→ **TASK TO COMPLETE**
Make an exact copy of the listing, without images.

→ **DATASET SECTION**
____________

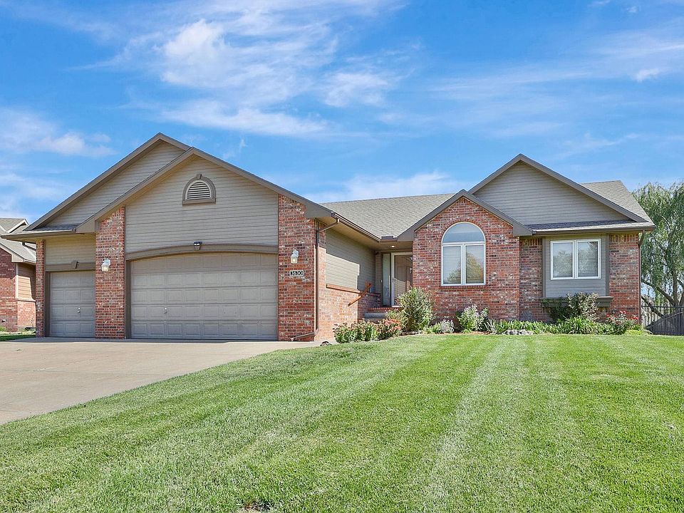 Impeccably maintained ranch-style residence in the desirable Ridge Port area with a BRAND NEW ROOF! Featuring 4 bedrooms, 3 baths, and a spacious 3-car garage, this home offers a seamless open floor plan with stunning hardwood floors in the kitchen and dining area. The kitchen boasts stainless steel appliances and convenient main floor laundry. The master suite is a retreat with a charming corner tub, separate shower, dual vanities, and a generous walk-in closet. A full view out basement adds to the appeal, providing a large family room and game area, along with a bonus 5th room (non-egress). Enjoy the warmth of a double-sided gas fireplace in the living room and an additional gas fireplace in the basement family room. Built-in shelves in the storage room contribute to the home's functionality. Complete with irrigation well, sprinkler system, wrought iron fence and deck that has been recently stained. Inside the 3 car garage is a handicap ramp that can be removed. This residence is the perfect showcase for even the most discerning buyers!
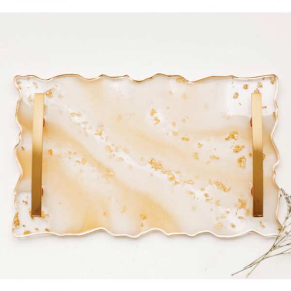 A stunning tray and coaster set, exquisitely crafted, that complements cocktails, sweets, or as a convenient spot to rest your drink while on the move. The blend of gold and white tones exudes both elegance and practicality, while the stylish pattern injects a playful element that emanates a gentle, twinkling radiance.
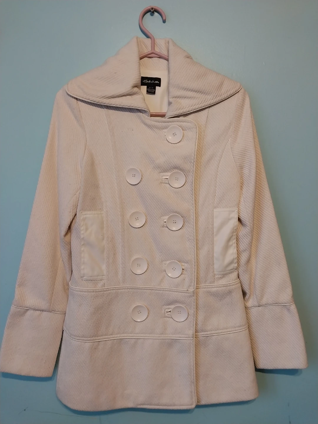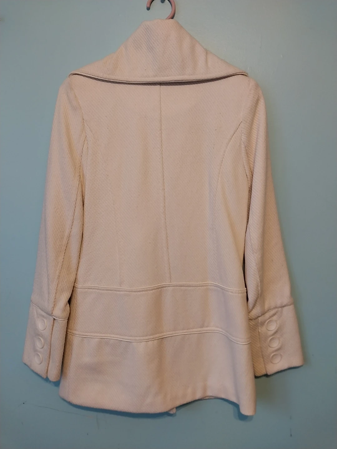 Selling a cream-coloured coat from Seductions in size XS. It features a with a double breasted closure and a wide collar. Sleeves have a decorative button detail.

____________

→ **OUTPUT OF THE TASK**
 Impeccably maintained ranch-style residence in the desirable Ridge Port area with a BRAND NEW ROOF! Featuring 4 bedrooms, 3 baths, and a spacious 3-car garage, this home offers a seamless open floor plan with stunning hardwood floors in the kitchen and dining area. The kitchen boasts stainless steel appliances and convenient main floor laundry. The master suite is a retreat with a charming corner tub, separate shower, dual vanities, and a generous walk-in closet. A full view out basement adds to the appeal, providing a large family room and game area, along with a bonus 5th room (non-egress). Enjoy the warmth of a double-sided gas fireplace in the living room and an additional gas fireplace in the basement family room. Built-in shelves in the storage room contribute to the home's functionality. Complete with irrigation well, sprinkler system, wrought iron fence and deck that has been recently stained. Inside the 3 car garage is a handicap ramp that can be removed. This residence is the perfect showcase for even the most discerning buyers!
 A stunning tray and coaster set, exquisitely crafted, that complements cocktails, sweets, or as a convenient spot to rest your drink while on the move. The blend of gold and white tones exudes both elegance and practicality, while the stylish pattern injects a playful element that emanates a gentle, twinkling radiance.
 Selling a cream-coloured coat from Seductions in size XS. It features a with a double breasted closure and a wide collar. Sleeves have a decorative button detail.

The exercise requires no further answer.